Housekeeping task poll-fails

Hi CMS, it’s been a while!

We’ve finally managed to get the UM going over the geographical poles (I can’t claim any credit - that goes to Nick Savage), but am now finally getting around to fixing some problems that have been lower down the list of priorities for a while.

Firstly: every other cycle, the housekeeping task submit-fails, which means the simulation requires a lot of babysitting because I have to manually re-trigger the housekeeping task every time. This is clearly quite impractical for running very long simulations. Can you help me fix this please?

Cheers,
Ella

pl tell us which suite?

Thanks Grenville. All of my suites show this behaviour, and I know from others that I’m not the only one! But, for example: u-cy153

Hi Ella

I suspect that housekeeping may be running on a particular login node but that cylc is polling a different login node, but that would not account for a submit failure (I can’t see anything in the logs to indicate a submit failure.)

You could try adding a particular host (login[1-4].archer2.ac.uk) eg,

        [[[remote]]]
            host = login2.archer2.ac.uk

to the [[housekeep_cycle]] section – that should ensure cylc polls the login node where housekeeping is running (this will fail if login2 goes down, but that shouldn’t happen often.)

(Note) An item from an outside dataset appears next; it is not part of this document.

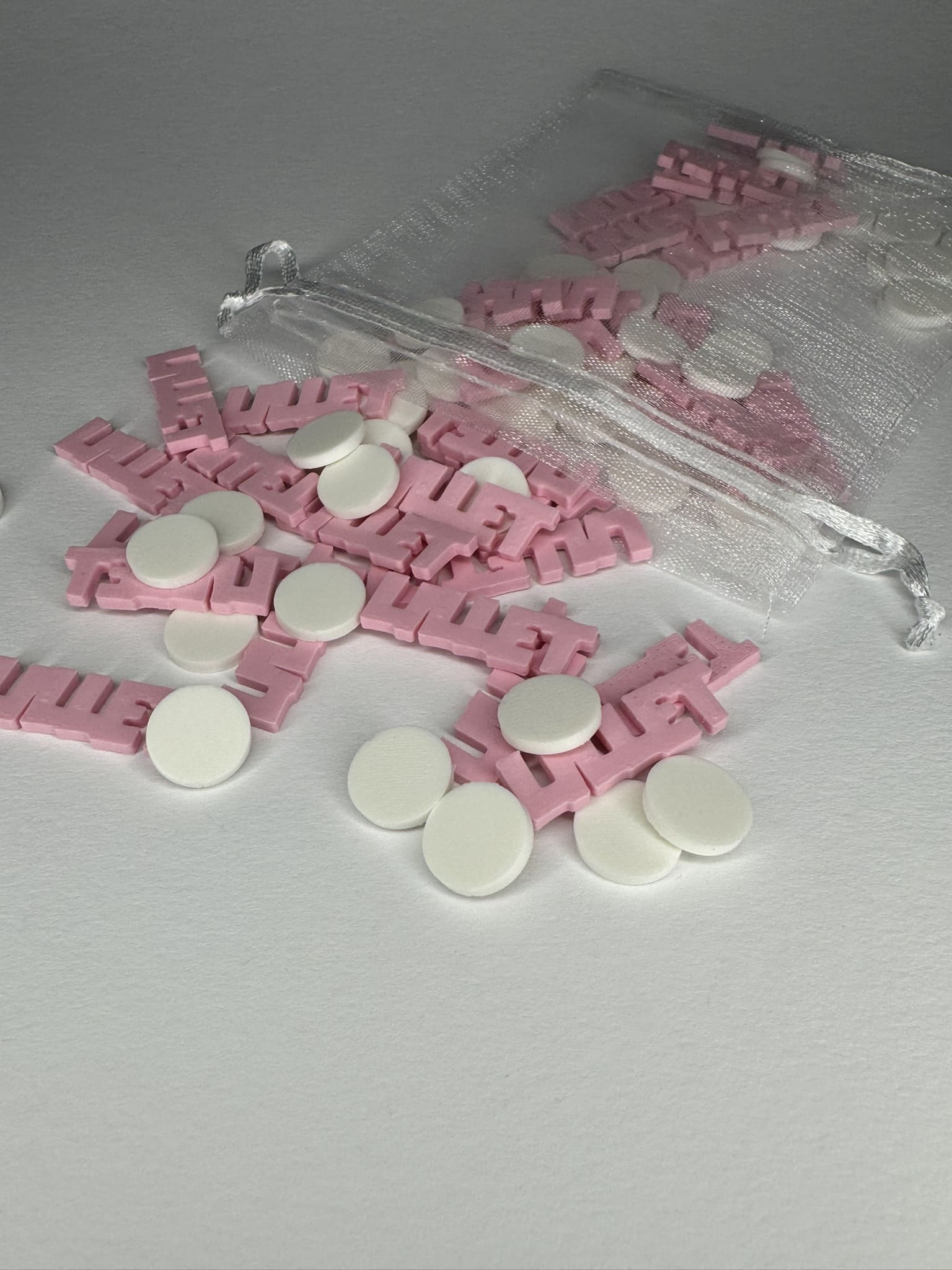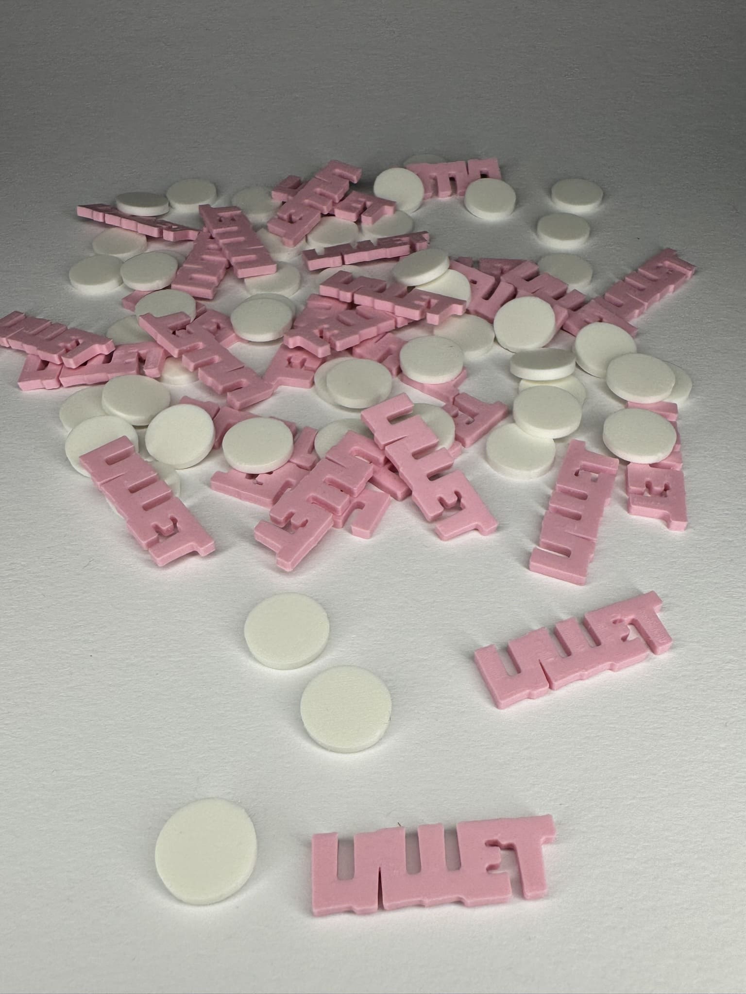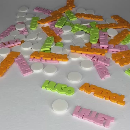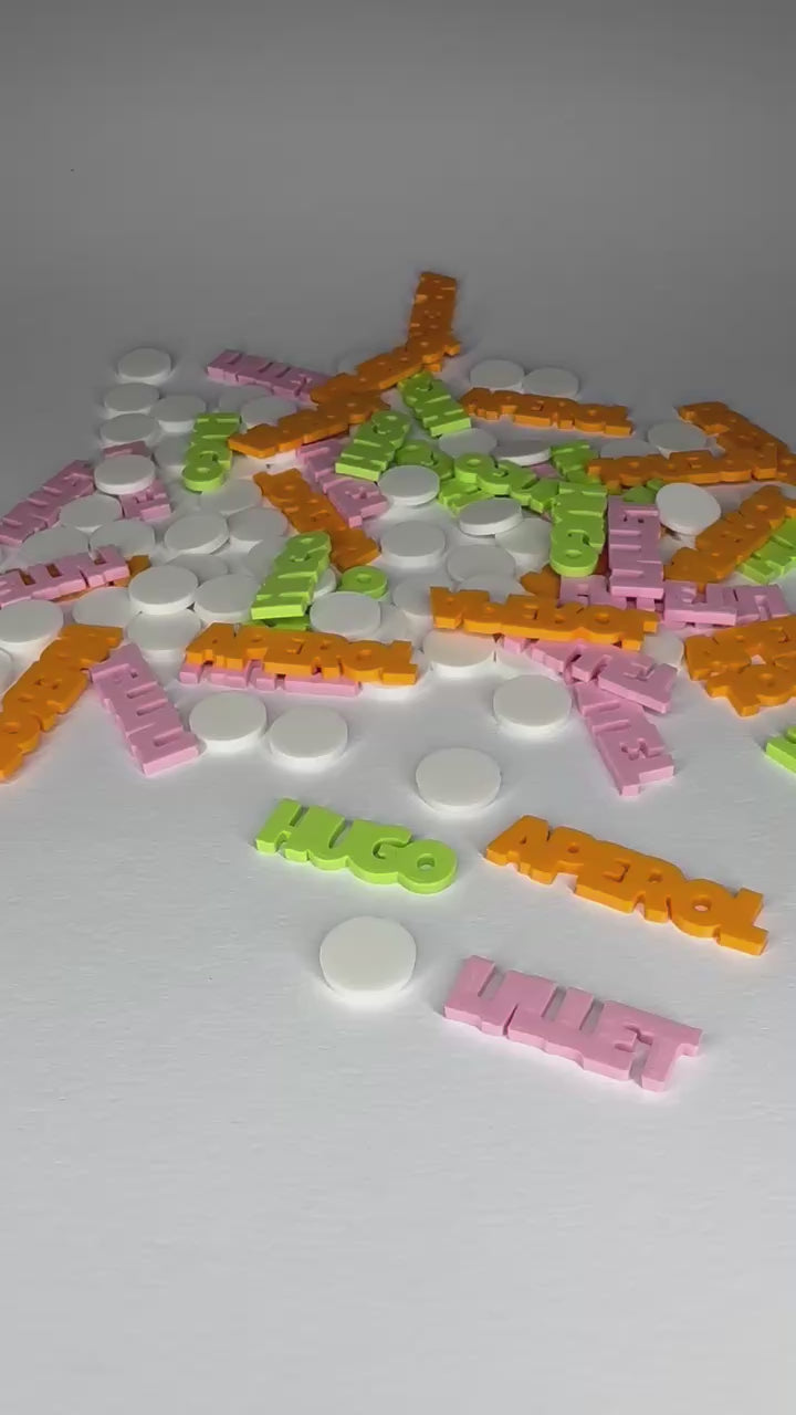 Größe: ca. 2,5-4 x 1 x 0,2 cm (Schriftzüge) & 1 x 1 x 0,2 cm (Kreise)

You should also make sure you can ssh seamlessly to all four login nodes individually.

Grenville

1 Like

You mean to suite.rc ?

oops, yes in suite.rc

1 Like

Thanks Grenville, doesn’t look like that’s worked unfortunately. It’s not actually a submit-failed error, it just gets stuck on submitted, and I get ‘poll-failed’ in the suite control window. I’m actually now getting a lot of submit-retrying steps in other jobs too (glm fcst, LBC creation, etc), which I imagine is related. I assume this is probably related to my known_hosts and ssh keys, as I’m also unable to get X forwarding on archer itself.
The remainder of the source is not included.